Improving Care After Inherited Cancer Testing
Purpose
The IMPACT Study seeks to refine and evaluate the effectiveness of interventions on improving guideline-adherent cancer risk management (CRM) and family communication (FC) of genetic test results for individuals with a documented pathogenic/likely pathogenic (P/LP) variant, and FC of family cancer history for individuals with a variant of uncertain significance (VUS) in an inherited cancer gene.
Conditions
- Inherited Cancer Syndrome
- Prostate Cancer
- Colorectal Cancer
- Endometrial Cancer
- Breast Cancer
Eligibility
- Eligible Ages
- Over 18 Years
- Eligible Genders
- All
- Accepts Healthy Volunteers
- Yes
Criteria
Randomized Controlled Trial Eligibility: All trial participants will be autonomous adults
who are capable of participating in the study
Inclusion Criteria:
- English-speaking men and women aged 18 years or older
- Not adopted (i.e., have information about their biological relatives)
- Have access to internet and a computer, tablet, or smartphone
- Documented pathogenic/likely pathogenic variant in an inherited cancer gene that has
CRM guidelines listed in the National Comprehensive Cancer Network (NCCN)
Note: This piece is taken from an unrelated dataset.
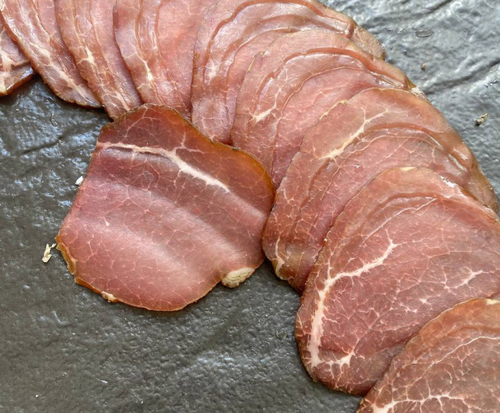 Описание: Ароматная сыровяленая говядина с богатым букетом пряностей и легкой кислинкой гранатового экстракта. Идеальна в качестве закуски к вину или сырной тарелке.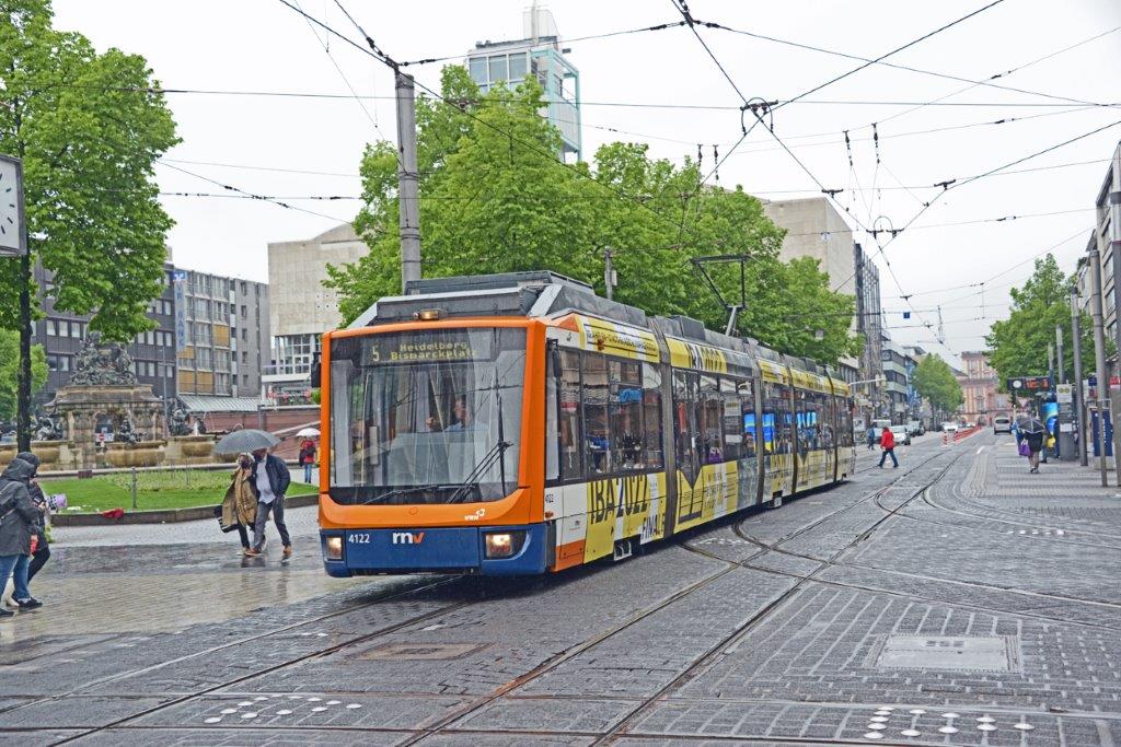 A Mannheim, la rame 4122 V6 Variobahn ADtranz, opérant sur la ligne 5 interurbaine à destination de Heidelberg, est photographiée à la hauteur de Paradeplatz, le samedi 30 avril 2022. Copyright : Thierry Leleu

Genetic/Familial Panel focused on Breast, Ovarian, and Pancreatic or Colorectal
cancers
- Must meet at least one of the following criteria:
- Intervention A (GeneSHARE) criteria: Have at least one at-risk adult, living
relative who either:
- has not been told about the genetic test result by the participant
- has not had their own genetic testing
- Intervention B (LivingLabReport) criteria: Are non-adherent (i.e., either
undertreatment or overtreatment) to at least one of the current NCCN CRM
guidelines or if currently adherent, require ongoing cancer screening
VUS Pilot Study Eligibility: All VUS pilot study participants will be autonomous adults
who are capable of participating in the study. Eligibility criteria include:
- English-speaking men and women aged 18 years or older
- Not adopted (i.e., have information about their biological relatives)
- Have access to internet and a computer, tablet, or smartphone
- Documented VUS in an inherited cancer gene
Study Design
- Phase
- N/A
- Study Type
- Interventional
- Allocation
- Randomized
- Intervention Model
- Parallel Assignment
- Primary Purpose
- Prevention
- Masking
- None (Open Label)
Arm Groups
Arm | Description | Assigned Intervention |
---|---|---|
Experimental GeneSHARE |
Access to GeneSHARE, a web-based toolkit including interactive and narrative components to enhance FC of genetic test results. |
|
Experimental LivingLabReport |
Access to LivingLabReport, a website containing multiple resources including a summary of the patient's genetic test results, condition-specific information, recommended CRM, and information on accessing CRM services. |
|
Active Comparator Standard-of-care |
Receive standard-of-care from their treating healthcare provider. |
|
Experimental Variants of Uncertain Significance (VUS) Pilot Study |
Participants are provided access to VUS educational resources including video and written education and assistance for speaking with family members. |
|
Recruiting Locations
Nashville, Tennessee 37212
Anne Weidner, MPH
615-875-2444
More Details
- Status
- Recruiting
- Sponsor
- Vanderbilt-Ingram Cancer Center
Detailed Description
Through recruitment of a racially, geographically, and socioeconomically diverse sample of patients, we will achieve the following aims: 1. Evaluate factors associated with access to genetic risk assessment, counseling, and testing services. 2. Conduct a randomized controlled trial to assess the effectiveness of interventions on improving guideline-adherent CRM and FC of genetic test results among individuals with a P/LP variant in an inherited cancer gene. 3. Conduct a pilot study to assess the effectiveness of an intervention on improving FC of family cancer history among individuals with a VUS in an inherited cancer gene. 4. Create and pilot an adaptive intervention to tailor resources to promote CRM and FC. 5. Document and compare multiple implementation outcomes across the different interventions to maximize their effectiveness and improve reach to underserved populations.